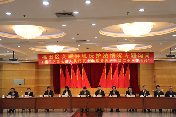 专题询问现场,区人民政府书面报告了《环保法》实施情况。随后,区人大常委会组成人员、区人大代表聚焦突出问题、焦点问题,就区政府宣传普及《环保法》、区政府环保资金投入、河流污染治理、生活垃圾分类处置、固体废物处置以及大气污染治理等方面抛出10个问题向相关职能部门进行询问。区政府分管副区长、区住建局、区卫计局、区环水局、区城管局、市交委福田交通运输局等相关部门负责人逐一进行了详实细致的应询。
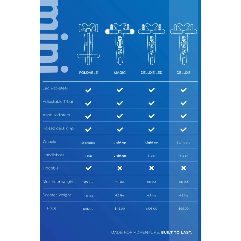- For a glow-up, check out the Mini Deluxe LED version with light-up wheels, also in great colors and pattern
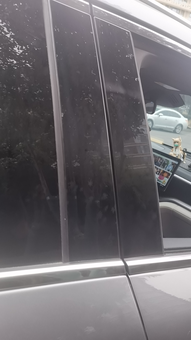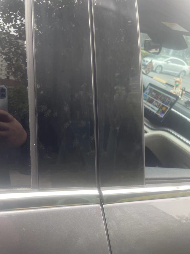比亚迪宋B柱C柱钢琴烤漆面板炸了 我是21款比亚迪宋plus混动车主,右侧车门碰了一下,年后去喷漆,前天刚修好回来,媳妇上车时无意间发现副驾一侧C柱钢琴面板有雪花状的东西,还以为我贴的膜结果我下车一看好嘛右侧带有钢琴烤漆的地方全都这样了
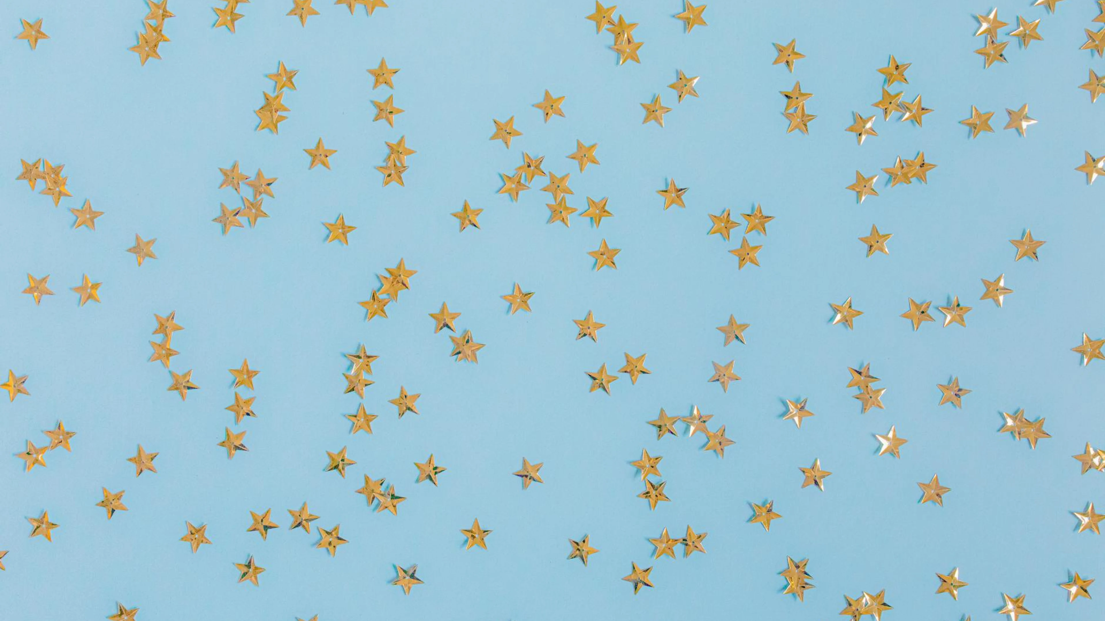 Get this stunning Gold star confetti scattered over a light blue surface, perfect for festive occa wallpaper in 4K Ultra HD quality. 3840x2160 minimal wallpaper available for free download.
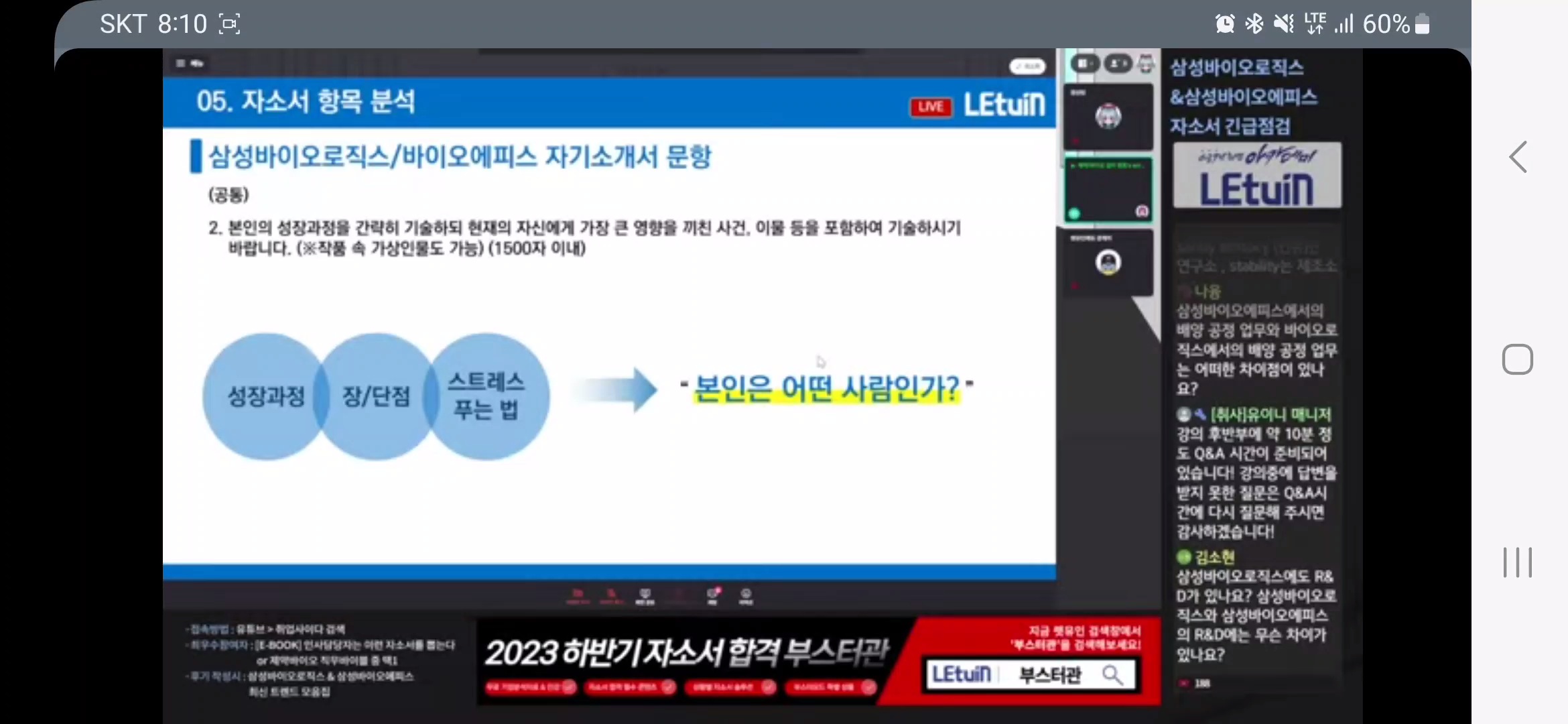 실제 삼성 바이오로직스와 바이오에피스의 자소서 항목에서 원하는 내용이 무엇인지 가르쳐주셨고, 각 직무에 대한 정보를 알려주셨습니다. 특히 문제해결능력에서 요구되는 사고 방식을 예를 들어 알려주신 내용은 정말 신선했습니다.

• _Problem to work on_: Leave out the pictures and give the rest of the material again, unaltered.

• _Answer to this problem_:
 专题询问现场,区人民政府书面报告了《环保法》实施情况。随后,区人大常委会组成人员、区人大代表聚焦突出问题、焦点问题,就区政府宣传普及《环保法》、区政府环保资金投入、河流污染治理、生活垃圾分类处置、固体废物处置以及大气污染治理等方面抛出10个问题向相关职能部门进行询问。区政府分管副区长、区住建局、区卫计局、区环水局、区城管局、市交委福田交通运输局等相关部门负责人逐一进行了详实细致的应询。
- For a glow-up, check out the Mini Deluxe LED version with light-up wheels, also in great colors and pattern
比亚迪宋B柱C柱钢琴烤漆面板炸了 我是21款比亚迪宋plus混动车主,右侧车门碰了一下,年后去喷漆,前天刚修好回来,媳妇上车时无意间发现副驾一侧C柱钢琴面板有雪花状的东西,还以为我贴的膜结果我下车一看好嘛右侧带有钢琴烤漆的地方全都这样了
 Get this stunning Gold star confetti scattered over a light blue surface, perfect for festive occa wallpaper in 4K Ultra HD quality. 3840x2160 minimal wallpaper available for free download.
 실제 삼성 바이오로직스와 바이오에피스의 자소서 항목에서 원하는 내용이 무엇인지 가르쳐주셨고, 각 직무에 대한 정보를 알려주셨습니다. 특히 문제해결능력에서 요구되는 사고 방식을 예를 들어 알려주신 내용은 정말 신선했습니다.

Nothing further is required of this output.